Rosehannah’s tribute

Created by Rosie 2 years ago
Sitting down to write something for today has been one of the hardest things I’ve had to do; not because I’m lost for things to say, or because I can’t find the right words, but because I’m finding them for the occasion that I’ve always dreaded. Despite knowing that this day was coming closer, nothing could have prepared me for actually losing my Pops; for saying goodbye that last time. 
 
I’ve felt quite cross since he left – I’ve felt that the poem Funeral Blues is exactly right; Stop all the clocks, cut off the telephone, Prevent the dog from barking with a juicy bone… I’ve wondered why everyone is carrying-on as usual, when my life has come crashing down and is not usual any more. However, I know that Pops wouldn’t have wanted me to feel like this. He would’ve wanted things to carry-on as usual. He wouldn’t have wanted us to be sad – he didn’t even want all of this today! However, that being said, I know he would’ve secretly lapped-up the attention and if he was here, he would quietly say to mum at the end of it all: “cor, that was nice wasn’t it?!” 
 
Pops was an incredible man and I believe myself to be very lucky to have called him my dad. He was unique, with a heart of gold, a wicked sense of humour and a cheekiness that got him everywhere!  He was fiercely protective of us all and was so proud of his children, grandchildren and great-grandchildren, who he spoilt rotten with as many sweets, cakes, pork-pies and fish and chips they wanted. He always had time for the people that he met and seemed to make friends wherever he went. He was so unassuming and would have been genuinely shocked that he made such a lasting impression on so many people.
 
He was my hero even more so in the last few years when life became particularly difficult for him. It has been hard to watch, but each hurdle was met with his default jokes and charming ways, bringing smiles to all of those who treated him, despite the fear and uncertainty that he felt. 
 
I will forever be grateful to him for taking on this battle – grateful that he did as he was told (for once); it was far from easy for him, but in taking on this battle, we all got 3 more years with him and made more memories to cherish. I am lucky enough that my mind is flooded with the loveliest memories of times with him. He idolized all of his grandchildren and great-grandchildren and I feel truly blessed that my girls got the last 3 years with him, making memories with him whilst they were old enough to remember and look back on as they get older. I asked them for some of their favourite memories of him to share with you today: 
India has written poem which we’ll read today. Elsie said that she loved his huge hugs and how much he made her laugh.
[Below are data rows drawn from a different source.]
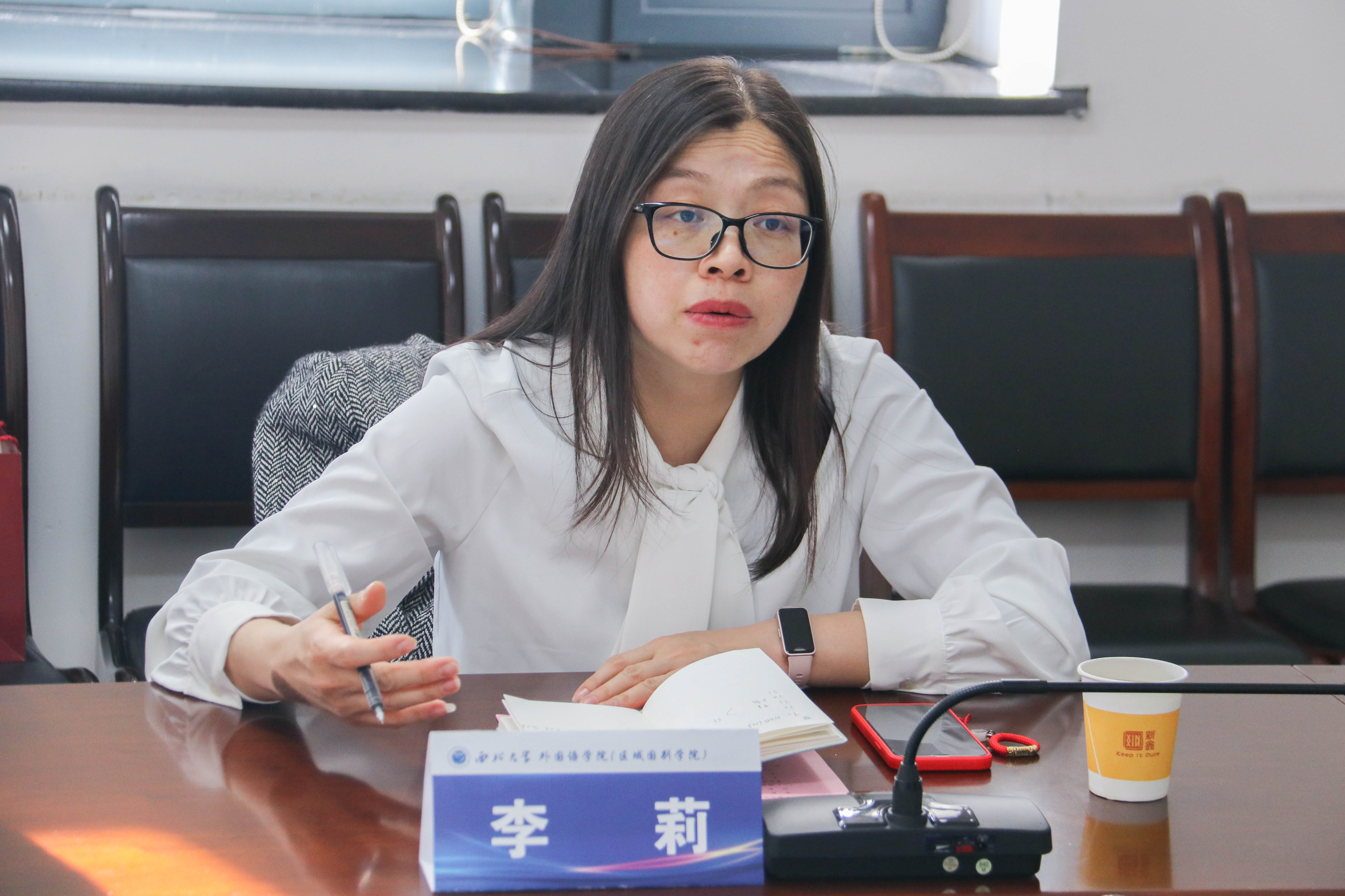 曹若男院长首先对西北师范大学外国语学院一行的到访表示热烈欢迎。她简要介绍了我院的系部设置和发展概况,着重分享了大学英语在多学科融合背景下的教学探索与实践成果。她指出,在学校全面实行学分制的背景下,我院大学英语教学围绕“以学生为中心”的理念,不断优化课程结构,探索多样化的教学模式,推动教学改革稳步前行。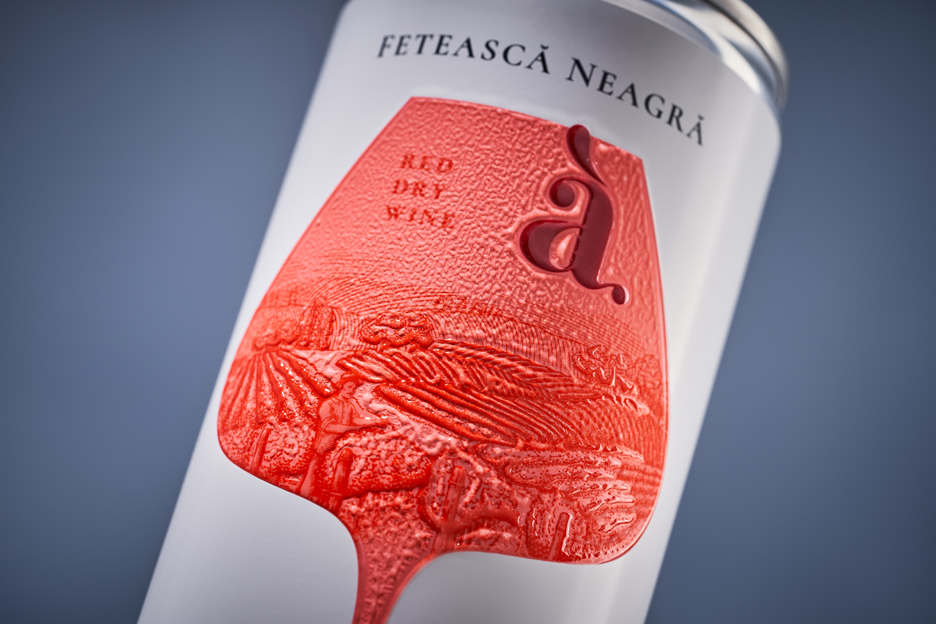 Ключевым элементом визуального решения стал образ винного бокала - символ, напрямую связанный с культурой потребления вина. Внутри его формы раскрывается классический винный пейзаж, отсылающий к традиционной эстетике этикеток и идее терруара. Контраст между привычным визуальным кодом и современной упаковкой формирует новый взгляд на продукт. Дополнительный слой создаёт рельефная текстура бокала, усиливающая тактильное восприятие и делая взаимодействие с упаковкой более выразительным. В результате дизайн не просто объясняет содержимое, а переопределяет сам формат, соединяя классическое вино и современную подачу.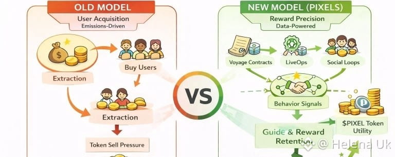 acquisition isn’t scaling GameFi anymore, it’s just masking churn with emissions. I’ve been watching Pixels take a different route. It’s a farming MMO, but the system is shifting toward reward precision. Exploration Realms require Voyage Contracts bought with $PIXEL , LiveOps continuously reshapes player behavior through real time incentive tuning, and even social loops start turning players into distribution channels. Rewards aren’t flat, they begin reflecting how players actually contribute, not just how much they grind.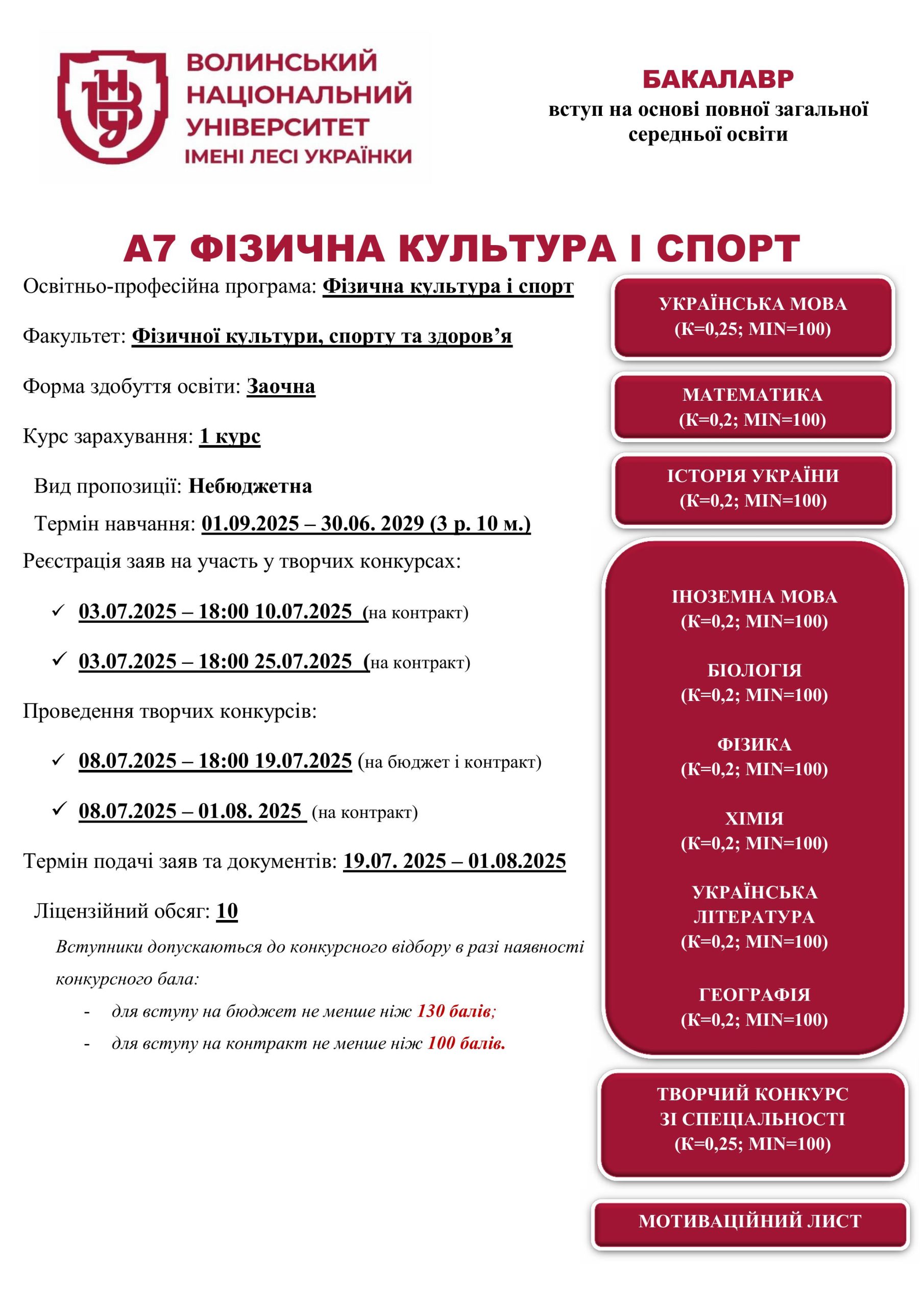А7 Фізична культура і спорт/Фізична культура і спорт (заочна форма здобуття освіти)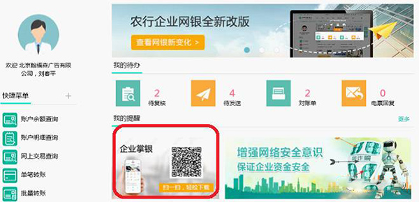 操作员登录企业网银,在首页可扫描二维码下载企业掌银App。

And their memories go with some of mine most precious ones: 
• Super-early morning adventures to London in his truck to do deliveries and see the sights;
• Take away pick-ups where we’ve ordered ¾ of the menu and then both ask for “diet” cokes;
• Him being a helper on my school trip at age 7; Like with most people he was an instant hit with my class-matesand insisted that and everyone called him “Dave” and not “Mr Goddard”. When we got to the farm, everyone naturally wanted to be in “Dave’s” group, but as his daughter I wasn’t allowed and spent the rest of the school trip being grumpy, insanely jealous stuck with another “boring” mum, whilst all the other children held hands with MY dad!
• His questionable use of leftovers to make the next day’s meals – Kebab Curry will forever haunt me.
• Giving me lifts to Liverpool on my nights out, playing all my favorite dance tunes… and picking me up several hours later when I’d spent my taxi money on gin and cranberries!
• Walking me down the aisle and seeing how happy he looked at me marrying Chris
• Taking him shopping for the first time in his wheelchair – he spent the entire shop shouting at me for “pushing him like I drive… too f-ing fast”
• Always waving goodbye like it might be the last time, waving until he could no longer see you
• Seeing how happy he was to see Uncle John and Aunty Marion recently
• Feeding him ice-cream when he wasn’t quite strong enough to feed it to himself

Pops always supported me; he taught me that I am enough and to never accept less that I deserve. He taught me strength and to always speak for what I believe in. He was always encouraging and always supportive. He was also super sweary, much to the delight of India and Elsie! 
 
I loved him dearly and my love for him, like my memories, will never fade. He will forever have the most precious place in my heart – we will think of him always and talk about him often. I encourage you all to do the same; share your stories of him and remember him with fondness and a smile on your face. He would like that. 
 
So, Pops – not goodbye, but instead I’ll use your signature farewell… “see you soon; be good”.